### Your task
Transcribe this listing exactly; omit the pictures.

### Input data
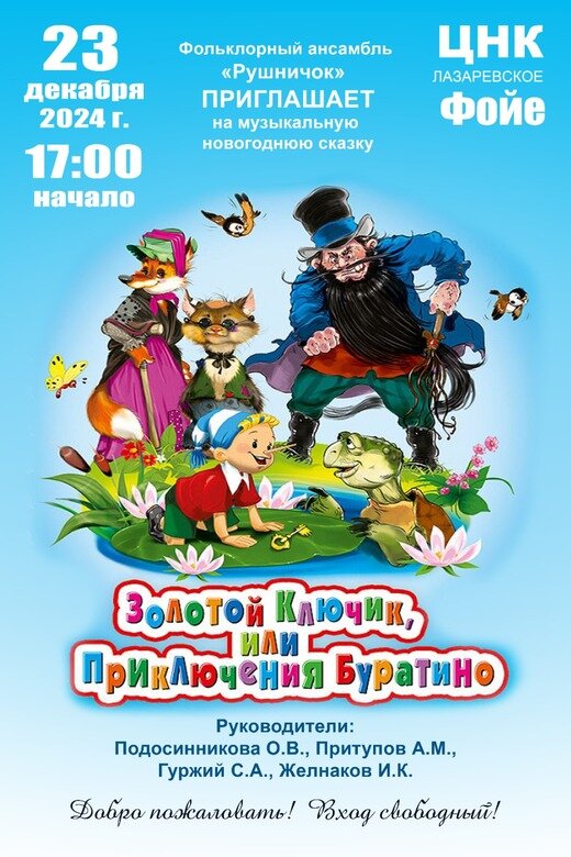 23 декабря начало в 17:00 фойе ЛРЦНК Юные актеры приглашают вас на музыкальную новогоднюю сказку «Золотой ключик,или приключения Буратино» Мальвина, Пьеро, Артемон,
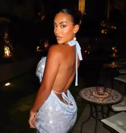 A stunning fusion of elegance and sophistication, this slim-fit beaded dress hugs your curves with a flattering silhouette. Adorned with intricate beadwork throughout, it adds shimmering glamour to every occasion. Crafted from polyester with spandex for comfort. Its perfect for formal evenings, weddings, and cocktail events.
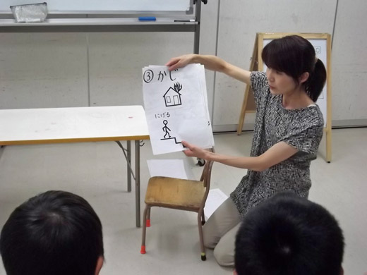 9月~10月にかけて、全曜日対象で防災訓練を行いました。 訓練へのご参加・ご協力をいただきましてありがとうございました。防災訓練に、ドキドキしたお子さんもいらっしゃいましたが、皆さん、 「お・か・し・も」を守って、避難することができていました。 以前は、防災頭巾がかぶれなかったお子さんが、抵抗なくかぶれるようになったり、走っていたお子さんが、静かに歩いて避難できるようになったりする様子から、積み重ねの大切さを実感することができました。

### Task result
 23 декабря начало в 17:00 фойе ЛРЦНК Юные актеры приглашают вас на музыкальную новогоднюю сказку «Золотой ключик,или приключения Буратино» Мальвина, Пьеро, Артемон,
 A stunning fusion of elegance and sophistication, this slim-fit beaded dress hugs your curves with a flattering silhouette. Adorned with intricate beadwork throughout, it adds shimmering glamour to every occasion. Crafted from polyester with spandex for comfort. Its perfect for formal evenings, weddings, and cocktail events.
 9月~10月にかけて、全曜日対象で防災訓練を行いました。 訓練へのご参加・ご協力をいただきましてありがとうございました。防災訓練に、ドキドキしたお子さんもいらっしゃいましたが、皆さん、 「お・か・し・も」を守って、避難することができていました。 以前は、防災頭巾がかぶれなかったお子さんが、抵抗なくかぶれるようになったり、走っていたお子さんが、静かに歩いて避難できるようになったりする様子から、積み重ねの大切さを実感することができました。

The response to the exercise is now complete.